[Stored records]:

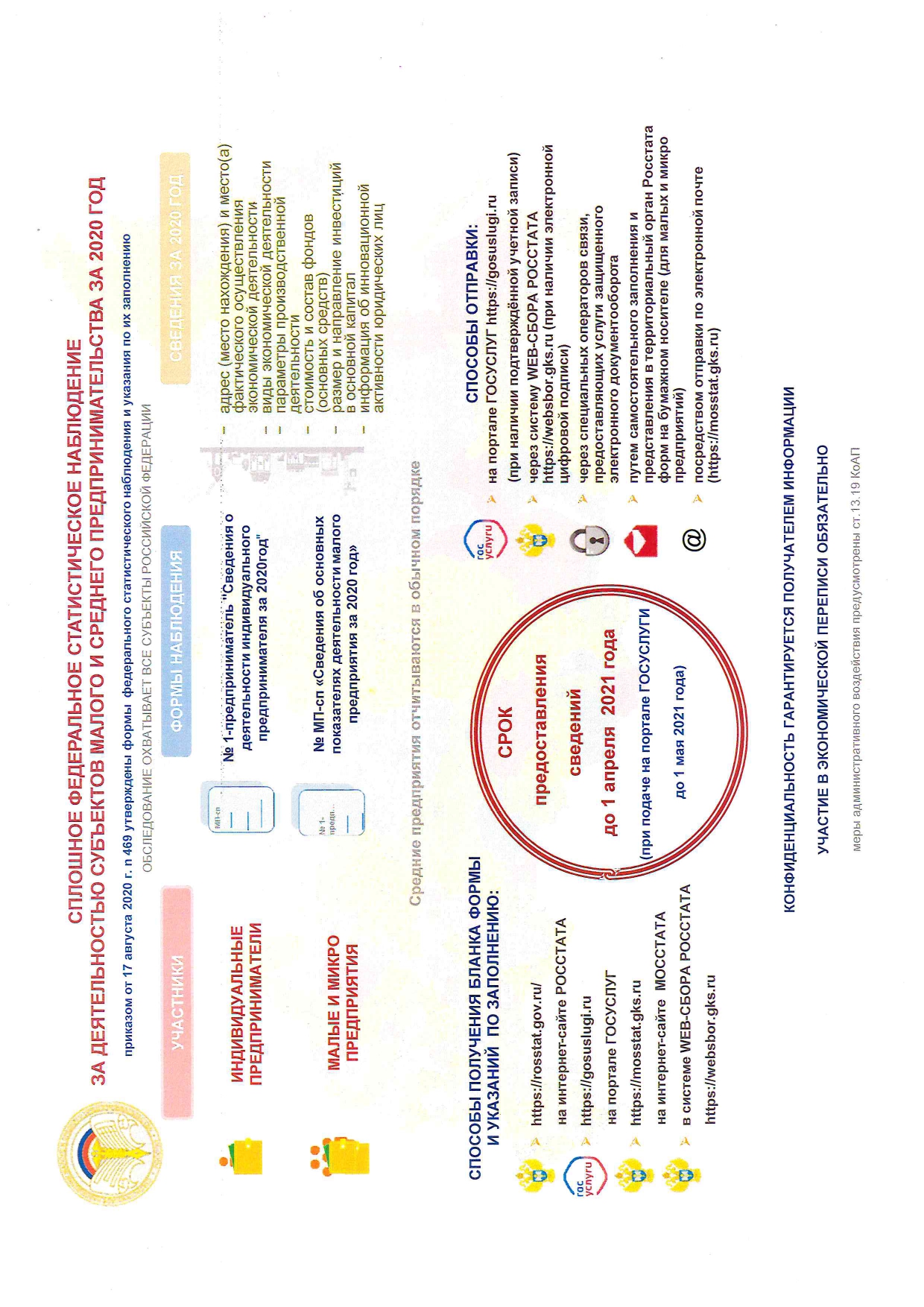 Сплошное статистическое наблюдение за деятельность субъектов МСП за 2020 год
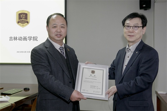 学院董事长、院长郑立国为于记伟导演颁发客座教授聘书
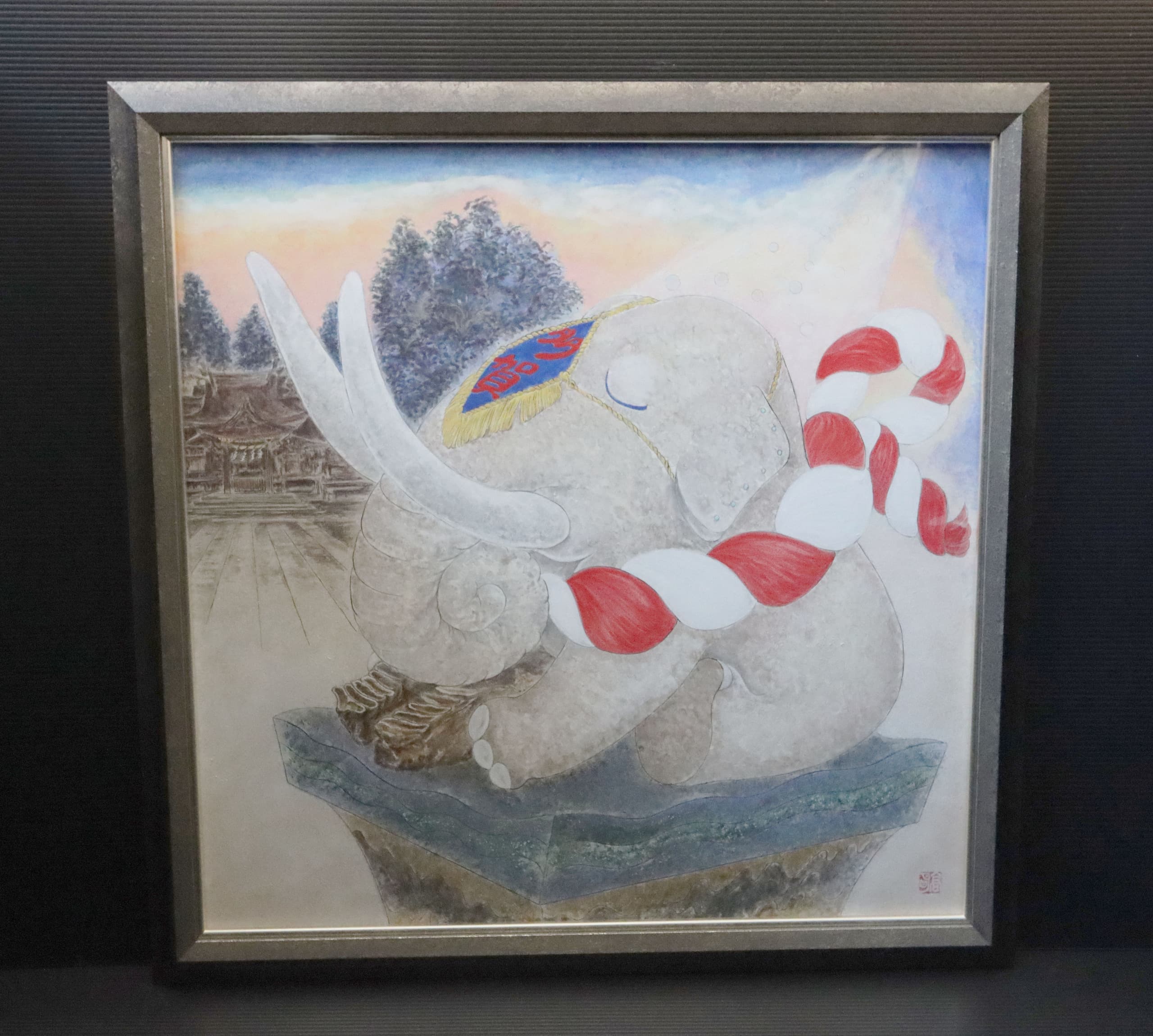 多賀の地で蘇った奇跡のシガタガゾウ。夜がほのぼのと明けるころ、シガタガゾウの化石が元の姿に戻ります。体は湖のような透明感のある白、背中には石楠花とササユリの花が彩られた赤いマントを身につけています。あけぼのの空の下、嬉しそうに歩くシガタガゾウの姿を月が微笑みながら見守っています。ほら、目を閉じてみて。想いを寄せればその姿が見えてくるかもしれませんよ。
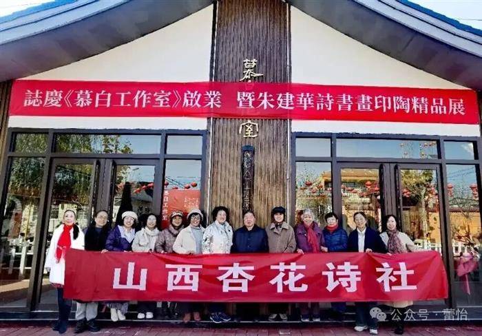 11月19日,初冬晴暖。中华诗词学会女工委副主任、山西诗词学会副会长兼女工委主任、山西杏花诗社社长张梅琴携十数位诗友,赴刘家堡慕白工作室怡韵轩雅集。山西诗词学会名誉会长时新老师随车而至,早备明代大学士王琼诗稿。案前挥毫两小时,笔走龙蛇,为众姐妹书就十五幅佳作。慕白执印轻盖,朱红印泥映素宣,墨韵朱痕相映成趣。诗友们或倚案赏字,或随琴音浅唱,或踱至室外明清民居旁留影,笑意盈盈,漫在初冬的风里。
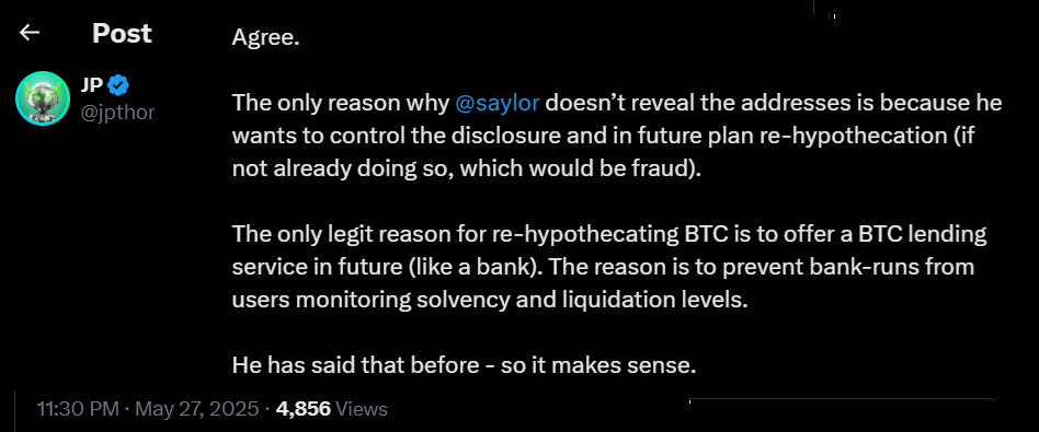 This lack of transparency sparked renewed speculation that some custodians might be engaging in re-hypothecation, using the same Bitcoin collateral multiple times to secure different financial commitments.

[EXERCISE]: Any pictures above are to be left out. Retype the rest of the records exactly.

[OUTPUT FOR THIS TASK]:
 Сплошное статистическое наблюдение за деятельность субъектов МСП за 2020 год
 学院董事长、院长郑立国为于记伟导演颁发客座教授聘书
 多賀の地で蘇った奇跡のシガタガゾウ。夜がほのぼのと明けるころ、シガタガゾウの化石が元の姿に戻ります。体は湖のような透明感のある白、背中には石楠花とササユリの花が彩られた赤いマントを身につけています。あけぼのの空の下、嬉しそうに歩くシガタガゾウの姿を月が微笑みながら見守っています。ほら、目を閉じてみて。想いを寄せればその姿が見えてくるかもしれませんよ。
 11月19日,初冬晴暖。中华诗词学会女工委副主任、山西诗词学会副会长兼女工委主任、山西杏花诗社社长张梅琴携十数位诗友,赴刘家堡慕白工作室怡韵轩雅集。山西诗词学会名誉会长时新老师随车而至,早备明代大学士王琼诗稿。案前挥毫两小时,笔走龙蛇,为众姐妹书就十五幅佳作。慕白执印轻盖,朱红印泥映素宣,墨韵朱痕相映成趣。诗友们或倚案赏字,或随琴音浅唱,或踱至室外明清民居旁留影,笑意盈盈,漫在初冬的风里。
 This lack of transparency sparked renewed speculation that some custodians might be engaging in re-hypothecation, using the same Bitcoin collateral multiple times to secure different financial commitments.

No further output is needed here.